The High Court has dismissed a £40m negligence claim against a leading tax barrister over advice he provided on three film financing schemes.
Mr Justice Zacaroli held that Andrew Thornhill QC did not owe a duty of care to the investors in the schemes, and even if he did, he would not have breached that duty.
The 110 claimants were investors who joined one or more of three limited liability partnerships (LLPs) formed to participate in film distribution.
The LLPs were marketed on the basis that investors would be entitled to tax relief against their income or capital gains for trading losses that the LLPs were anticipated to make.
Mr Thornhill provided advice on their tax consequences to Scotts, which in turn promoted the schemes via an information memorandum (IM).

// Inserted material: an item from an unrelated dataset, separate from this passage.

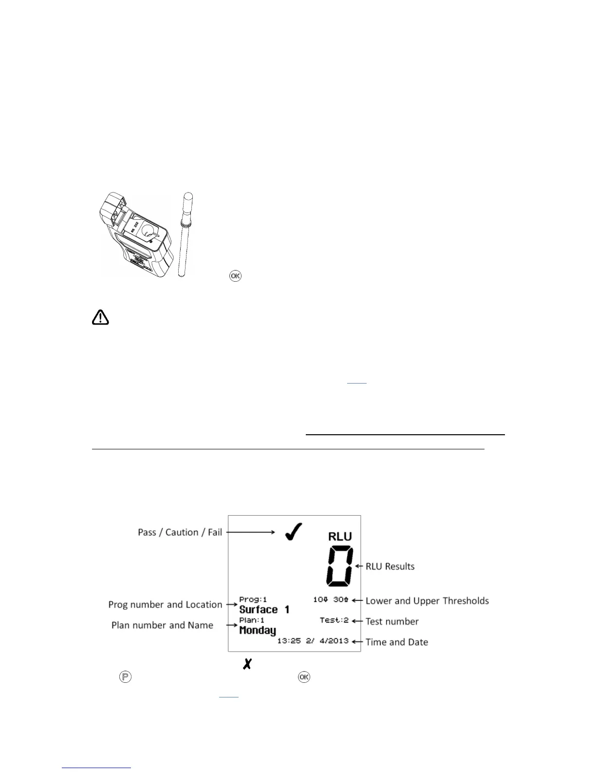 When the measurement is complete, the RLU test result and overall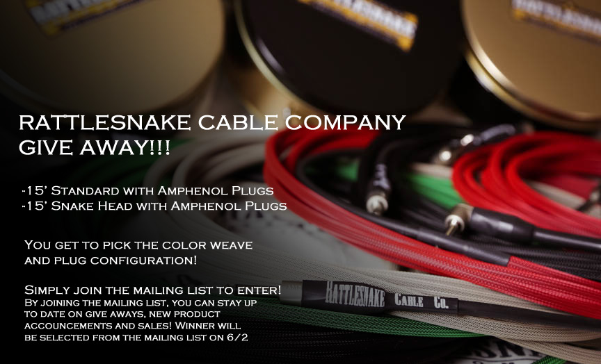 I wanted to post this really simple / easy give away! My other venture Rattlesnake Cable Company is having a nice little give away where you can walk away with a 15′ Snake Head and 15′ Standard cable – your choice on plug configuration, and your choice on color! That’s a $120 regular price value. All you need to do – is to sign up to the mailing list!

These named him as Scotts and the LLPs’ tax adviser and potential investors could see the opinions if they asked.
The claimants argued that he owed them a duty of care in respect of the advice and that they relied on it in entering into the schemes; HM Revenue & Customs ultimately refused the tax reliefs claimed by the investors.
Zacaroli J found that “in no sense” was any investor a client of Mr Thornhill, while investors could not reasonably rely on his advice without making their own independent inquiries of the schemes, meaning there was no duty of care.
“Critical to this conclusion are the facts that the IM clearly advised potential investors to consult their own tax advisers on the tax aspects of the scheme and that no investor could subscribe to the LLP without warranting that he or she had relied only on the advice of or had only consulted with their own professional advisers.”
The claimants said they relied on Mr Thornhill’s status as the leading tax QC in the country, submitting that it would therefore be pointless going to anyone else for advice.
The judge said Mr Thornhill was undoubtedly one of the leading tax QCs in the country at the time he advised, but was not held out as the leading tax expert.
“Nevertheless, I accept that he would have appreciated that, given his status as one of the leading tax QCs, his advice was likely to carry more weight,” he said.
“It does not follow, however, that he should have reasonably foreseen that investors would rely on his opinion without consulting their own tax adviser as they were recommended to do, and as they warranted they had done, in the IM and subscription agreement.
“Even if he had been the ‘top’ barrister, it is a nonsense to suggest that because he was the best, there would be no point in a potential investor getting their own advice.
“There were plenty of advisers (barristers, solicitors and financial advisers) who specialised in tax schemes such as [these], and who could have provided investors with their own independent advice.
“Any such adviser would additionally have the benefit of Mr Thornhill’s opinion – not so they could rely on his advice, but so that they had the benefit of seeing what he had advised when they came to give their own advice.”
Further, the fact that Mr Thornhill’s advice was given in unequivocal terms had “no relevance” to the reasonableness of potential investors not seeking their own advice.
The judge went on that, even if there had been a duty of care, Mr Thornhill’s approach on the key issue – the correct approach to determining whether an entity was trading on the basis of the authorities in 2002-2004 – was one that “a reasonably competent QC could have taken”.
The alternative case was that Mr Thornhill breached a duty of care in failing to give a specific warning that there was a significant risk that at least one of the three statutory tests to determine whether the relief was available would be failed.
Zacaroli J rejected this too, finding that “the nature and content of an appropriate warning by an adviser to their client is fact specific” and Mr Thornhill could not have known the individual circumstances of each investor.
The advice he gave to his actual client, Scotts, was tailored to them as sophisticated investors who knew the risks of such schemes.
The judge went on to find that, were he wrong, and a duty to include a risk warning was owed and breached, “none of the sample claimants has established that the loss suffered by them was caused by any breach of duty by Mr Thornhill”.
Zacaroli J also held that the claims in respect of the first scheme were time-barred.
Is there any less sympathetic claimant than someone who has attempted to dodge paying tax, failed and then tries to blame everyone else for their failed attempt?